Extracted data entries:
···
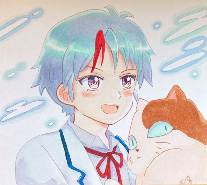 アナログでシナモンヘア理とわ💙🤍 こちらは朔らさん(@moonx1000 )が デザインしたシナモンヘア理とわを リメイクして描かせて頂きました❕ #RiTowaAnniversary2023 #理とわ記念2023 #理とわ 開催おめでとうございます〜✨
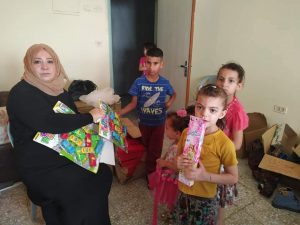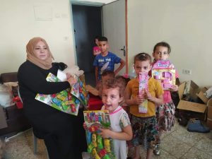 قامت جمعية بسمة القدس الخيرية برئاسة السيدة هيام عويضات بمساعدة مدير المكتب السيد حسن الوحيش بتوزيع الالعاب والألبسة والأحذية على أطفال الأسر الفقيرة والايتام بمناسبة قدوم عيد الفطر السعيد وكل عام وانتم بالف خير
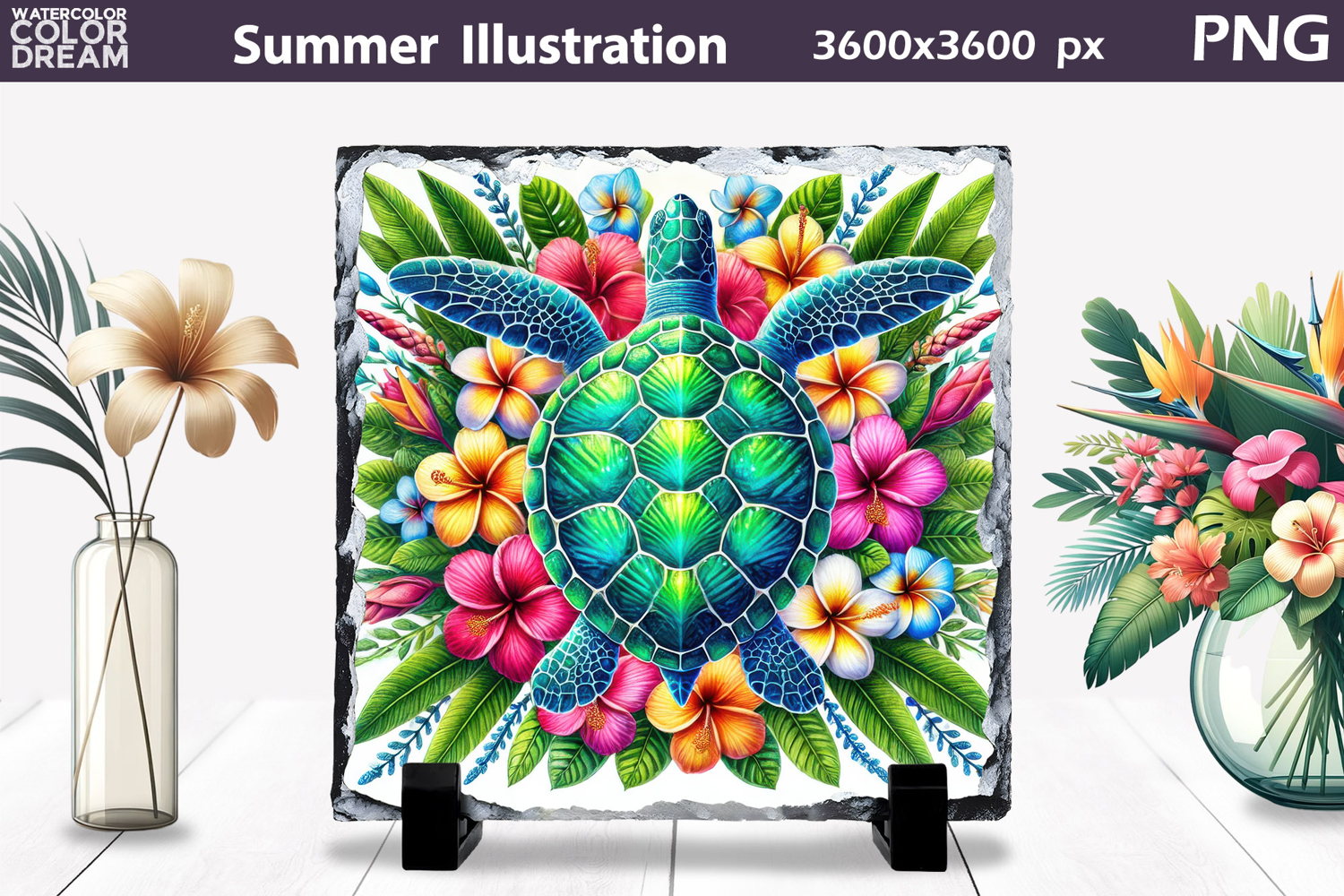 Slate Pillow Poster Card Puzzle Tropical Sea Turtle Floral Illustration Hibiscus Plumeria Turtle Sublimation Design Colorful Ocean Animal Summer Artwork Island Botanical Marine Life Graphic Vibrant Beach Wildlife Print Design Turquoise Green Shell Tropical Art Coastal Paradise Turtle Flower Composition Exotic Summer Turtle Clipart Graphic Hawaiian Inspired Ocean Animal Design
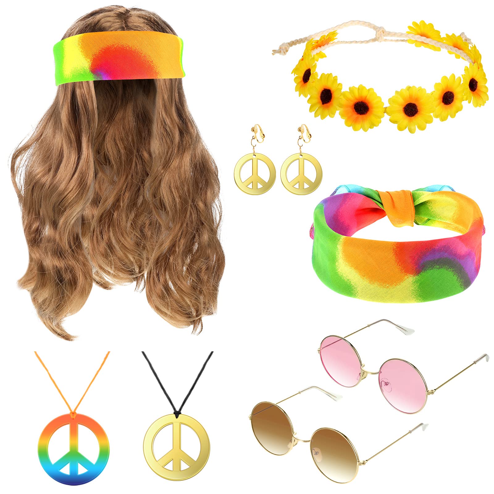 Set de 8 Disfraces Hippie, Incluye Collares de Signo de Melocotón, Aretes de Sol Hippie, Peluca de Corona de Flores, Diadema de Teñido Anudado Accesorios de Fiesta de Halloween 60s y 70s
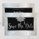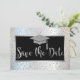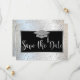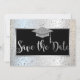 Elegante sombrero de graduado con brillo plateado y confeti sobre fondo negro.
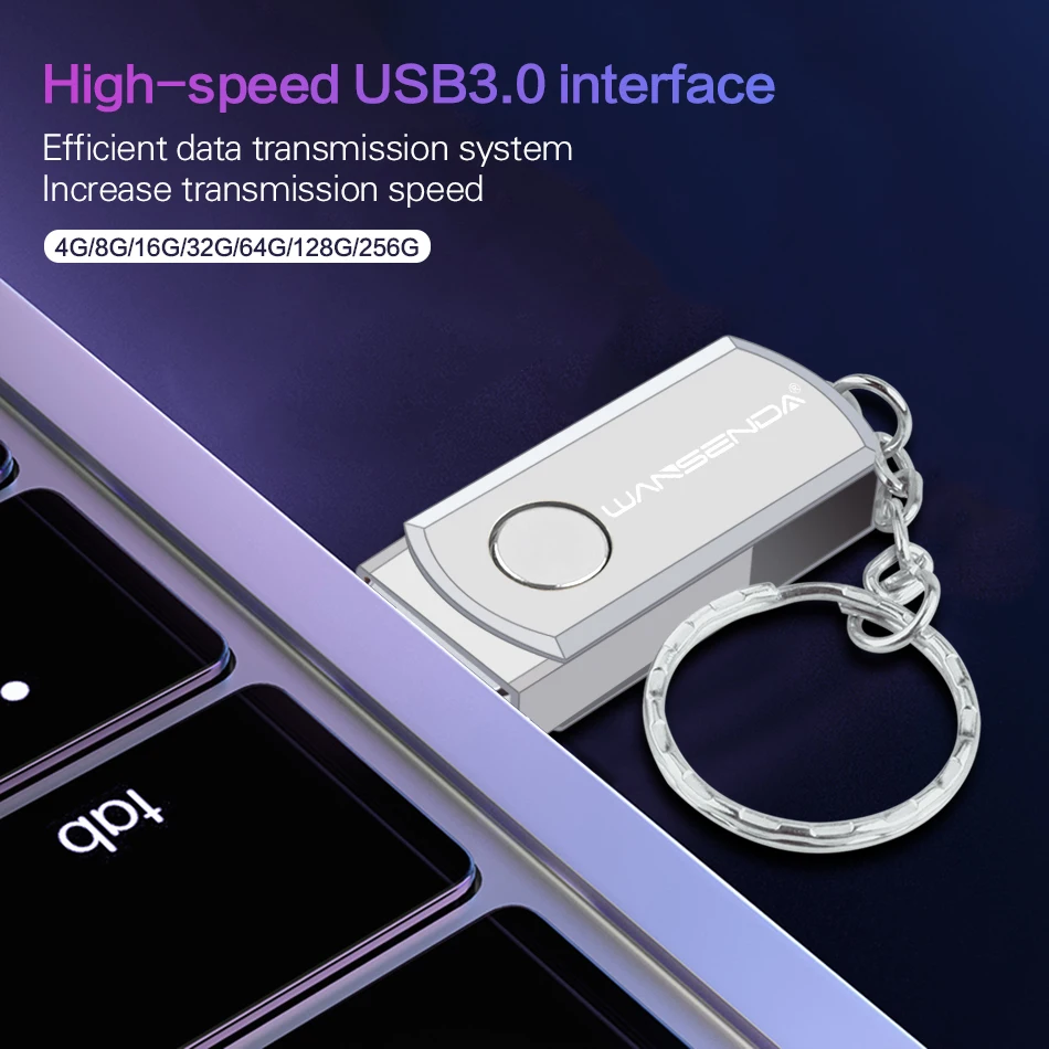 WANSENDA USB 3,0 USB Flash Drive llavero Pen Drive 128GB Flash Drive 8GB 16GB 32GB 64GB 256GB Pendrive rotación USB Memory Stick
···
__THE PROBLEM__:
Reproduce nothing but the lines from the line containing "قامت جمعية بسمة" through the last line of the data above, exactly as written and without pictures.

__ANSWER TO THIS PROBLEM__:
 قامت جمعية بسمة القدس الخيرية برئاسة السيدة هيام عويضات بمساعدة مدير المكتب السيد حسن الوحيش بتوزيع الالعاب والألبسة والأحذية على أطفال الأسر الفقيرة والايتام بمناسبة قدوم عيد الفطر السعيد وكل عام وانتم بالف خير
 Slate Pillow Poster Card Puzzle Tropical Sea Turtle Floral Illustration Hibiscus Plumeria Turtle Sublimation Design Colorful Ocean Animal Summer Artwork Island Botanical Marine Life Graphic Vibrant Beach Wildlife Print Design Turquoise Green Shell Tropical Art Coastal Paradise Turtle Flower Composition Exotic Summer Turtle Clipart Graphic Hawaiian Inspired Ocean Animal Design
 Set de 8 Disfraces Hippie, Incluye Collares de Signo de Melocotón, Aretes de Sol Hippie, Peluca de Corona de Flores, Diadema de Teñido Anudado Accesorios de Fiesta de Halloween 60s y 70s
 Elegante sombrero de graduado con brillo plateado y confeti sobre fondo negro.
 WANSENDA USB 3,0 USB Flash Drive llavero Pen Drive 128GB Flash Drive 8GB 16GB 32GB 64GB 256GB Pendrive rotación USB Memory Stick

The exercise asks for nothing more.